Even the military was beginning to question the tough line Musharraf was taking against Khan. Through friends, Khan let it be known that he would fight back if he were put on trial. He was prepared, they hinted, to testify that since 1988--when his clandestine nuclear transfers began taking place--all of the country's Army chiefs of staff, including Musharraf, were aware of and approved of his actions. "Musharraf and the military realized they had to get this over with as soon as possible," says retired Pakistani Army general Talat Masood. "They were opening a Pandora's box that could have recoiled against the military."
By the end of the week the lid was sealed. In exchange for Khan's contrite public confession on national television and a plea for clemency, Musharraf granted the 67-year-old, European-trained metallurgist a full pardon. In his surprise public apology, the gray-haired Khan took "full responsibility" for the weapons proliferation, adding: "There was never ever any kind of authorization for these activities by the government." That's exactly the message that Musharraf needed to get out: that no senior military men had anything to do with Khan's nuclear gambits.
The Pakistani leader may have dodged a bullet, but there's an RPG headed his way. As the Khan case proved, the constituency Musharraf has to worry most about is not the fundamentalists in Parliament or the Pakistani street. It's his own military. Beyond personal embarrassment, top brass worried that Khan's revelations could prompt Western countries to levy sanctions against Islamabad, cutting off their access to the latest military technology. Next week, when Indian negotiators travel to Islamabad for a new round of diplomatic talks, there will be even more at stake.

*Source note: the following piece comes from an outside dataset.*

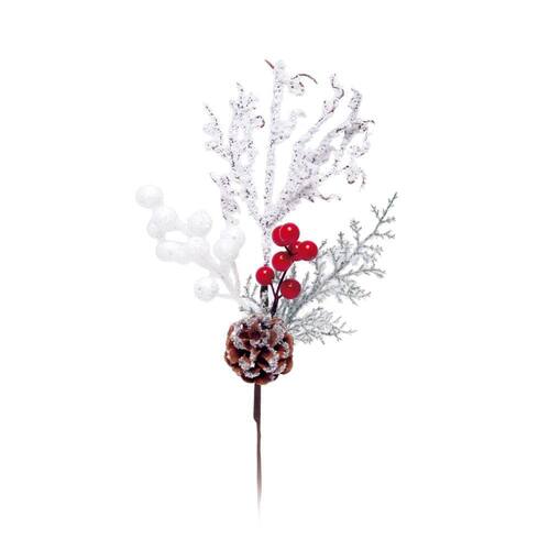 Galho Frutas Vermelhas, Frutas Brancas e pinha - Embalagem de Venda: 1 UN - Cor Predominante: VERMELHO / MARROM / BCO - Instruções de Limpeza: Limpar somente com pano macio levemente umedecido com água. - Composição: Plástico, Poliéster, Metal, Isopor e Papel.

For years the Pakistani Army has used the standoff over Kashmir to justify its massive budgets and indeed, its dominance of Pakistani society. A resolution, though far off, threatens to cut off that lifeline.
Historically the military has been Pakistan's paramount institution. Four military dictators ruled the nation for most of its nearly 57 years since independence. Musharraf himself came to power in 1999 by staging a bloodless coup against a corrupt, popularly elected, civilian administration. Today Pakistan's military, headed by its 500,000-strong Army, eats up 22 percent of the national budget and spends 70 percent of the government's tax revenues. So sacrosanct is the military that the Parliament has never even debated a defense budget; it simply rubber-stamps a line-item lump sum without discussion. "Once the military gets its share, there's hardly anything left over for development," says Islamabad-based defense analyst Ayesha Siddika Agha. "We don't even know how much the military actually spends."
But the fact that it comes at a terrible expense to the Pakistani people is no secret at all. Nearly one third of Pakistan's 140 million people live below the poverty line, according to the Asian Development Bank. Even essential services like health and education get less than 4 percent of the national budget combined--the lowest in South Asia. If the 57-year-long dispute over Kashmir were resolved, Musharraf knows that these disparities would be much less defensible--and the military understandably fears that could hurt its bottom line.